The girls turned as one on Smokey. “Give him a detention an’ all, sir. Go on. He’s abusing us. That’s bullying that is, calling us bimbos. Go on, sir. Give him one.”
“Smokey, Joe, get out of here before the lynch mob gets you. And Joe, try not to nod off in next week’s lesson.” Mr. Crosbie nodded at the boys. As they left, Joe heard him address the hyena-like hoydens surrounding him. “Now, girls, where’s your sense of humor? What sort of fish did you turn into, Kaylee? A monkfish, I think—not particularly attractive but very tasty grilled with a saffron sauce.”
As they came out, Mr. Tucker was waiting outside the classroom with the school nurse, pointing at the wall and saying, “Look. He was standing here, then the wall just sucked him up.” The teacher closed his eyes and leaned his forehead against the wall, as if fighting off tears.
The nurse looked understanding and patted him on the shoulder. “I think you should see someone about this, Mark. Really I do. Look. Here’s Joe Knightley now. Everything all right, Joe?”
“Yeah, fine, Mrs. Naismith.”
“You see, Mark? Joe’s absolutely fine. He’s been in Mr. Crosbie’s classroom all this time. Learn anything useful in PSHE this week then, Joe?”

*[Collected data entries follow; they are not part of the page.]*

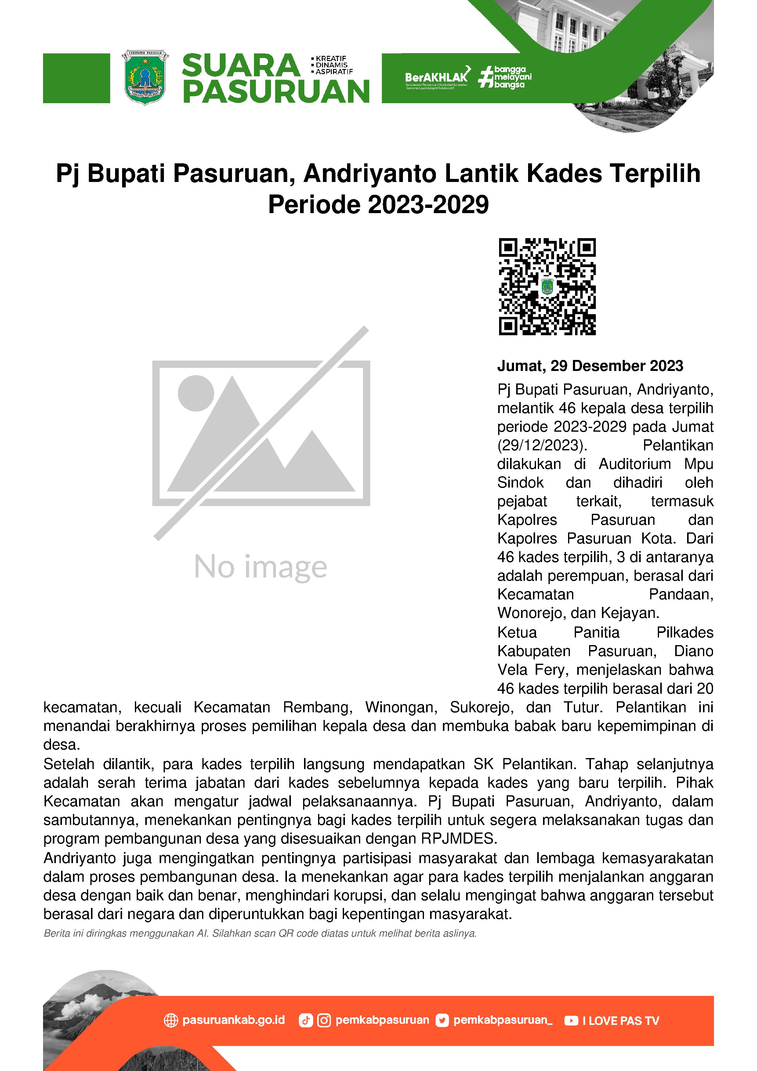 Ketua Panitia Pilkades Kabupaten Pasuruan, Diano Vela Fery menjelaskan, 46 kades terpilih berasal dari 20 kecamatan, minus Kecamatan Rembang, Winongan, Sukorejo dan Tutur.
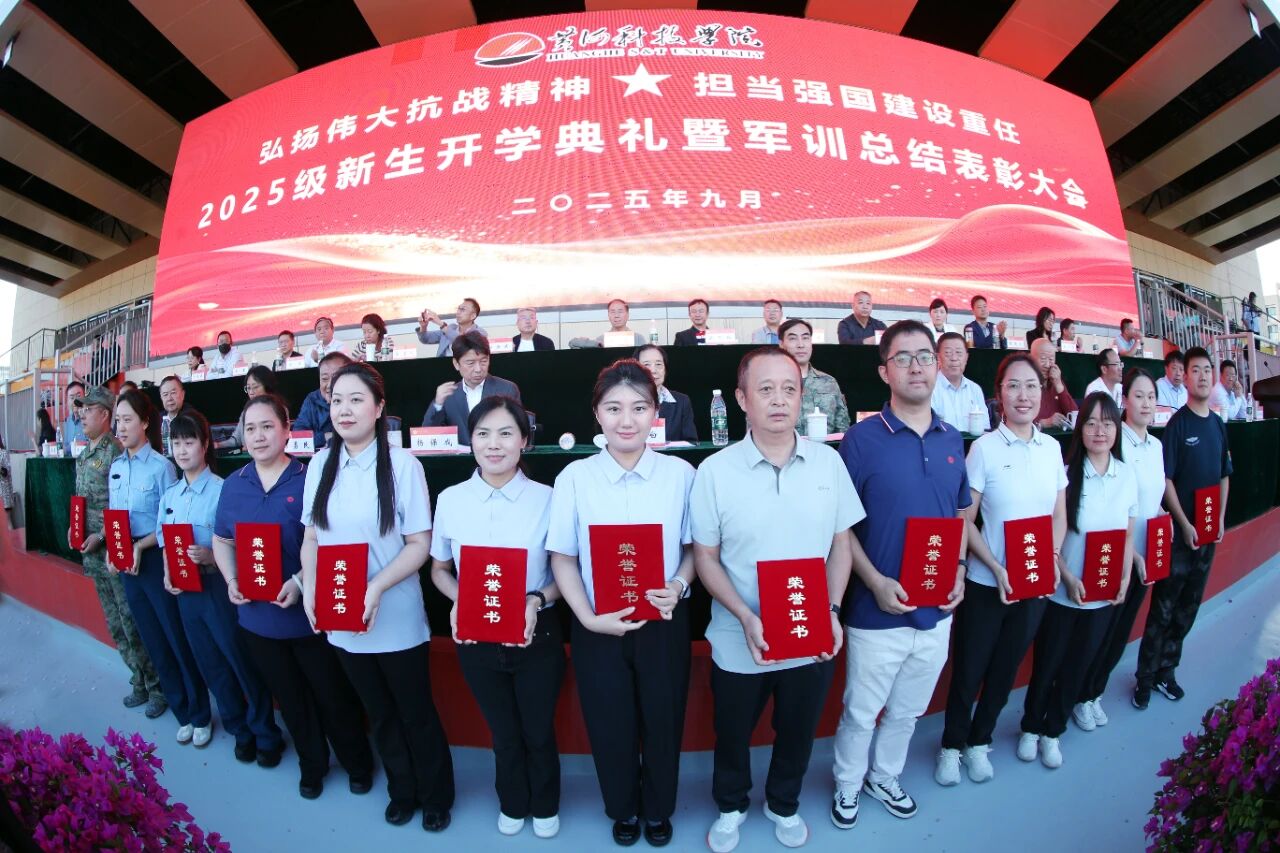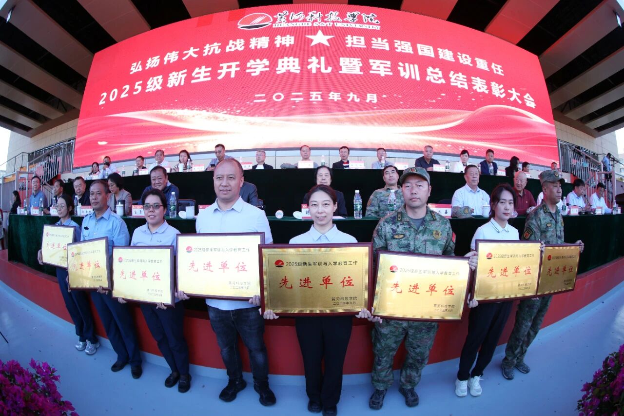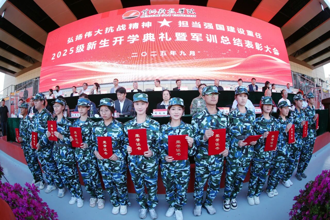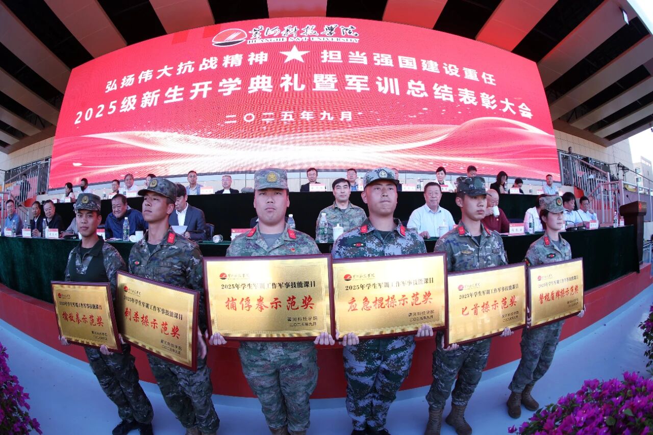 会上,党委副书记赵会利宣读了2025 级新生首批党校学员名单,副校长罗煜宣读了军训与入学教育工作先进集体和个人表彰决定。随后,与会领导为军训与入学教育先进单位、优秀工作者、优秀教官、优秀学员,以及军事技能课目示范奖获奖代表颁奖。值得关注的是,11 位“薪传奖”获得者登台领奖,他们分别来自工学部、艺体学部、商学部、医学部及国际学院,其父辈曾在黄科大求学,这份跨越时光的信任,让“开拓、拼搏、实干、奉献”的黄科大精神在他们身上得以传承。
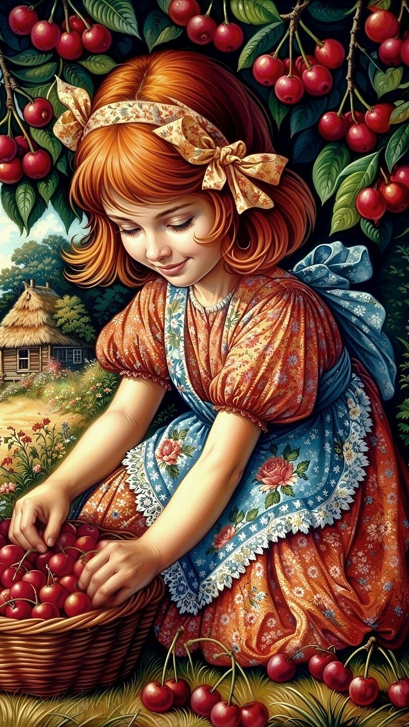 Edytor tapety: Ruda dziewczynka z koszem wiśni
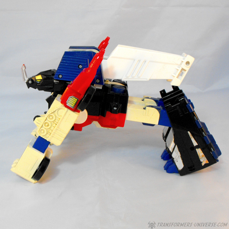 Wo Sixshot zum Wolf wurde, da wird Greatshot dank einem neuen Tierkopf zu einem... ja, einem Tier mit Horn. Ich hätte ja Nashorn gesagt, aber der Rest des Körpers hat so gar nichts von einem Nashorn, insofern sagen wir einfach vierbeiniges Tier mit großem silbernem Horn. Als Einhorn geht es auch nicht durch, sorry, außer man sieht es als extrem gedoptes Einhorn mit Krallen statt Hufen. Auf jeden Fall sieht das gehörnte Tier ganz gut aus, auch wenn die Gliedmassen etwas unproportional wirken. Man kann hier außerdem die Flügel ausklappen und Greatshot somit einen sechseinhalb-ten Modus als geflügeltes Tier-mit-Horn-das-vielleicht-ein-Nashorn-sein-soll geben.
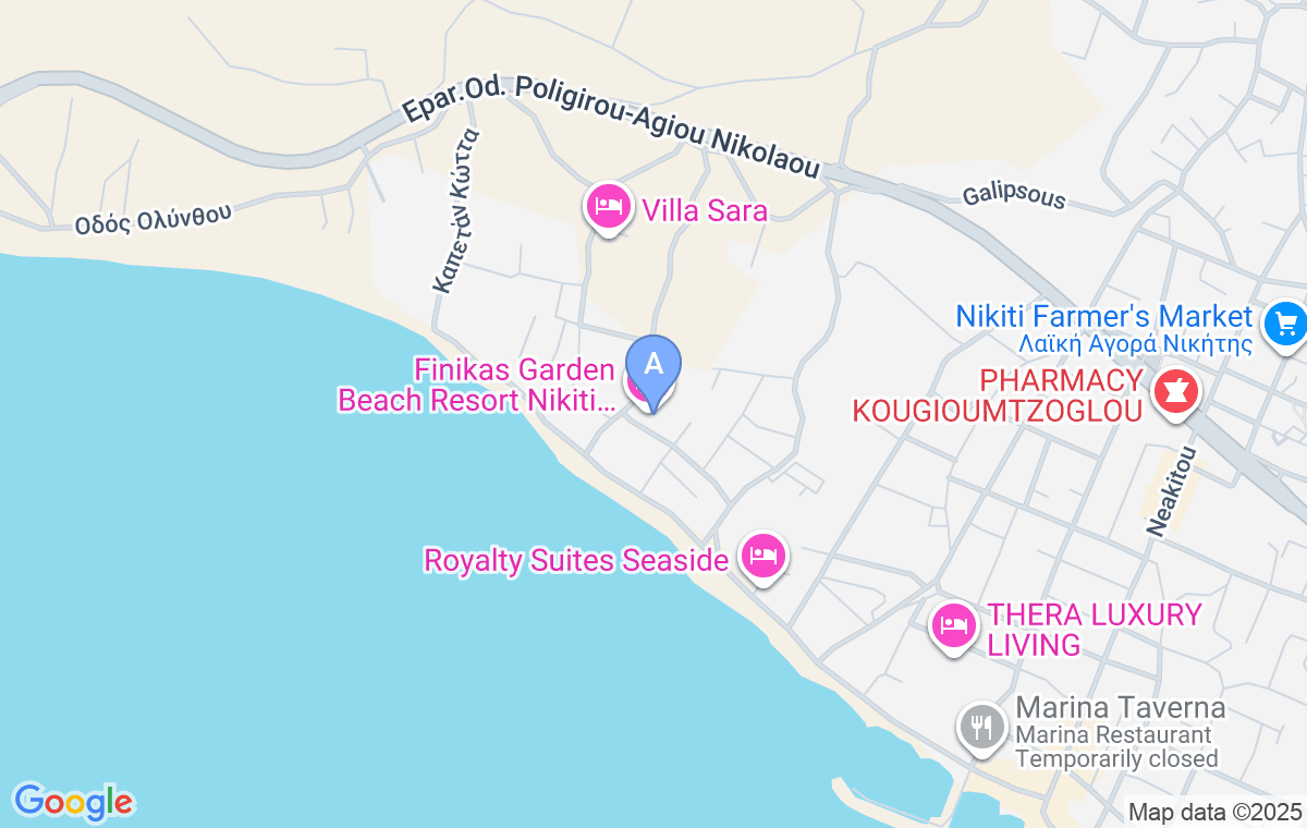 Finikas Garden este un complex nou complet, construit într-o zonă liniștită și mai puțin populată din Nikiti, la doar 100m de mare. Unitățile de cazare sunt întreținute cu grijă și sunt mobilate modern și cu bun gust, având un design contemporan. Facilitățile includ o curte mare și frumos amenajată, plină de verdeață, parcare privată, piscină deschisă pentru adulți și o piscină pentru copii, precum și un loc de joacă pentru copii, situat imediat lângă complex.
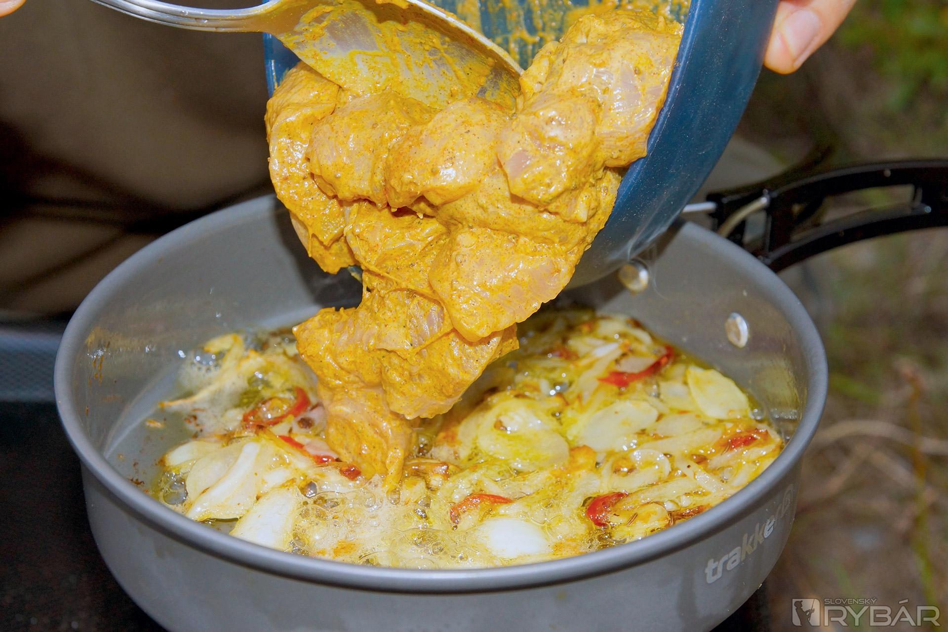Ak nemáte čas vopred si predpripraviť marinované kuracie kúsky už doma, tak jednoducho pri vode, nakrájajte kuracie prsia na malé kúsky a ponorte ich do marinády, ktorú si pripravíte zo sladkej smotany, do ktorej pridáte kari korenie, mletú rascu, štipľavú papriku, čierne korenie, mletý zázvor a citrónovú šťavu.

“Not really.” Joe burrowed into his rucksack for the brochure Crosbie had handed out. It was sodden and disintegrating. He offered it to the nurse. “Here. It’s about how to be a town councilor, I think.”
“Off you go then, Joe. And is that Silas with you?”
No one was meant to call Smokey by his given name, but Joe could see that he was too keen to ask Joe what the hell was going on to make a big issue of Mrs. Naismith’s slip. Joe let Smokey hustle him down the corridor and out of the building before anyone else could interrupt.
“So?” Smokey stopped as they rounded the corner of Ashgate Way and sat down on someone’s garden wall.
Joe bit his lip. “So what?”
Smokey reached into his jacket for his cigarettes and lighter. With disgust, he took one sodden fag out of the packet then scrunched up the whole squelchy mess and tossed it into the garden behind him. “Four quid down the drain. So why did we all grow fish heads, and you didn’t? If it hadn’t been for you, we’d all have been swimming around there for the next week without anyone noticing. Mind you, it was quite cool being a piranha. I was just about to give Lisa a little nibble, then you came along and opened the window.”
“I don’t know. I don’t understand anything.” Joe shook his head. A flurry of movement caught his eye, and he hauled Smokey away as an irate woman emerged from the house on whose garden wall they were sitting. She yelled at them, snatched up Smokey’s crumpled cigarettes and hurled the pack after them with a force that should have earned her a place on the Olympic javelin team.
“Don’t do that again, you little sods!”
Smokey made to turn around so he could tell her to eff off, but Joe was still tugging at his sleeve, determined not to let things get out of hand. Smokey shrugged then went back to the fishy business.
“What do you mean, you don’t understand?”
“I was asleep. I just woke up, and it’d happened. Wasn’t Tucker looking sick as a parrot? That was worth it. Weird though. Could you breathe? What was it like when the water came in?”